PLEASE NOTE: there is a very good reason there are no pictures associated with this story.
As some of you may know, I teach a radiation safety course at a local community college. A while back, we were discussing bioassay techniques (read: ways determine if there’s been an uptake of radioactive material in the body, where, how, and how much) in my radiation safety class.
My fellow instructor, after explaining how fecal dosimetry techniques work, declared that no one, not the subject providing the sample, not the dosimetrist who has to process it, certainly not the rest of the lab staff, nor even the lab building’s neighbors, likes it when you have to do fecal samples.
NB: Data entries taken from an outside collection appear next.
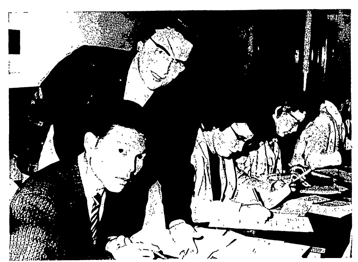
Brandon College Registration 1961
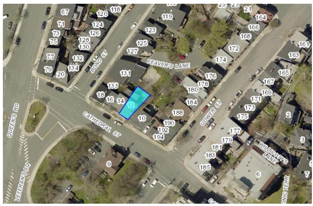
12 Cathedral Street Heritage Area 1
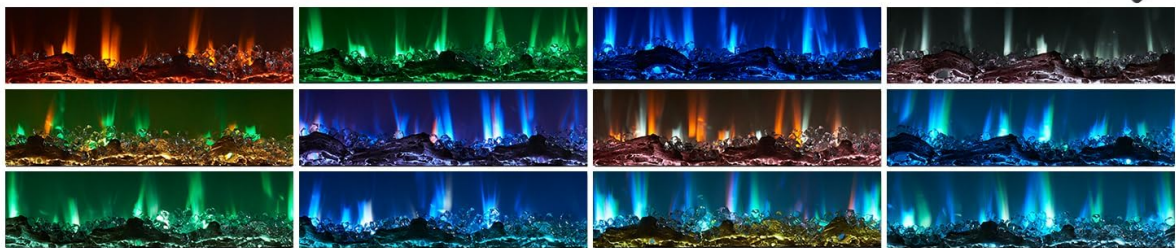
Image: Visual demonstration of the electric fireplace's flame effects, showcasing both the traditional log effect and the modern crystal stone effect, along with the range of 12 color options and 5 brightness levels.
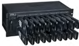
20-Unit Charging Tray
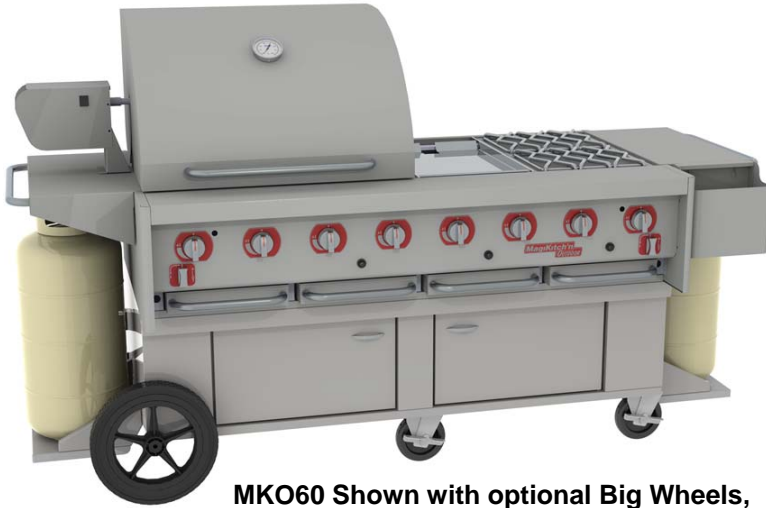
MKO60 Shown with optional Big Wheels, Rotisserie, Griddle, & Side Burners
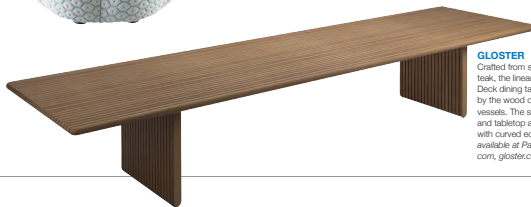
GLOSTER Crafted from solid plantation teak, the linear style of Gloster's Deck dining table was inspired by the wood docking on sailing vessels. The slatted frame and tabletop are softened with curved edges. $23,100, available at Patio.com, patio.com, gloster.com.
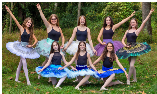
Ballet Company 2023-2024

Friday June 6th & Saturday June 7th, 2025
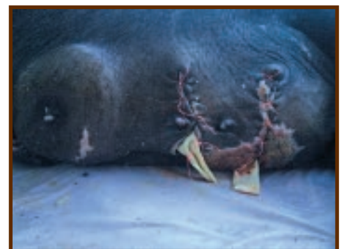
After Second Surgery

Within a couple of days Charlotte's mammary glands started expanding. Soon a weak spot opened releasing a large amount of pus. We were instructed by our vet to flush this area well and not to open up any other areas. We were also told to soak Charlotte's stomach in a diluted betadine bath. We were able to do this using a swimming pool. Charlotte was great about letting us flush her wounds and keep her clean. We kept her in our cooled barn with sheeted floors to keep her off of the dirt.
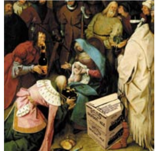
Wise men always bring beer!

"We had an open house on Christmas day and several friends and neighbors came by for free drink and food. Anyway... my neighbors have been pretty good about drinking my beer this year and saying nice things. Well...that is until they tried my Judge [Lance] Ito Imperial Pilsner. Hell, I don't know went wrong with it. It was my first (and probably last) pilsner. It was about 1085 original gravity and I left it out to get the fermentation started at room (Continued on Page 8)
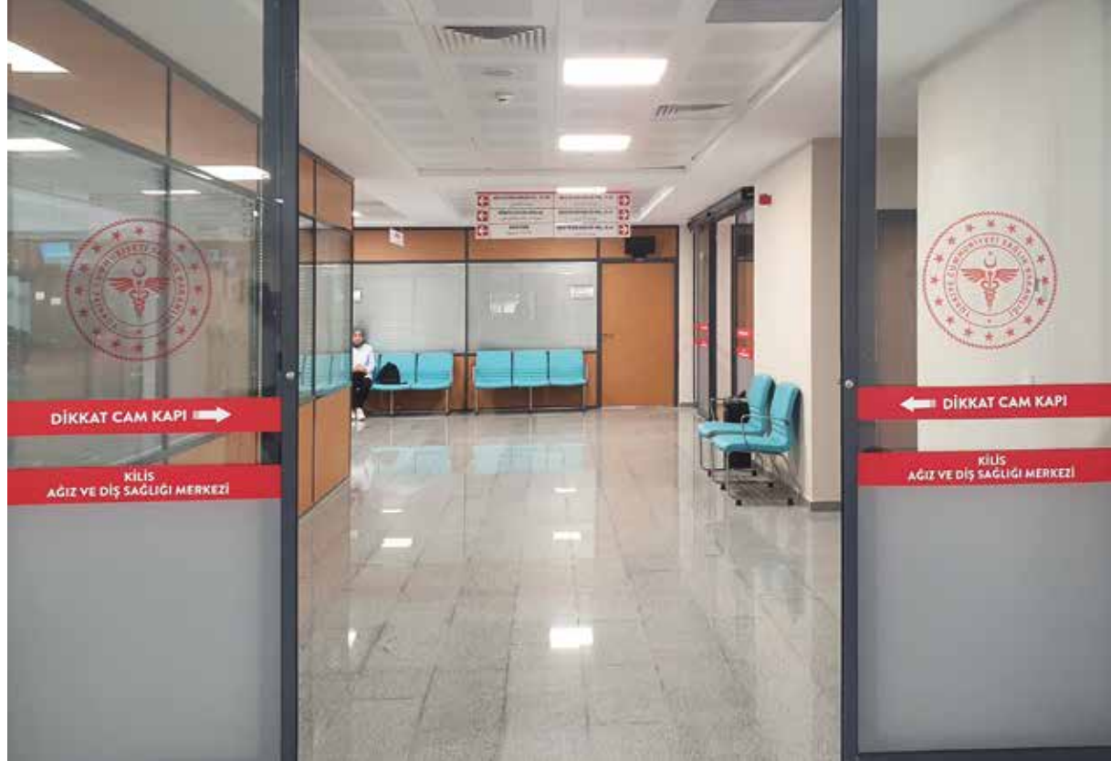
Inside the new EU-funded hospital at Kilis, Türkiye.

To address the needs of refugees and their host communities, the EU and Türkiye established in 2015 a coordination mechanism: the EU Facility for Refugees in Türkiye. The facility financed the new hospital through a €50 million contribution.

I begged to disagree with him before the class. I clearly remembered an occasion that a world renowned health physicist and internal dosimetrist loudly declared in my presence “I LOVE FECAL SAMPLES!“
I stared at him very hard. He saw me staring. There was then a several beat pause…
He then corrected himself, declaring somewhat less loudly, “I love the numbers I get from fecal samples.”
Once again, I love making sure lessons hit home and stick for life with memorable vignettes like this to hang the information on. I’m proud to declare all our students aced that part of the exam. I’m just sad no one took video of my “Rubbin’ My Ass On Uranium” dance to demonstrate proper dosimeter badge usage.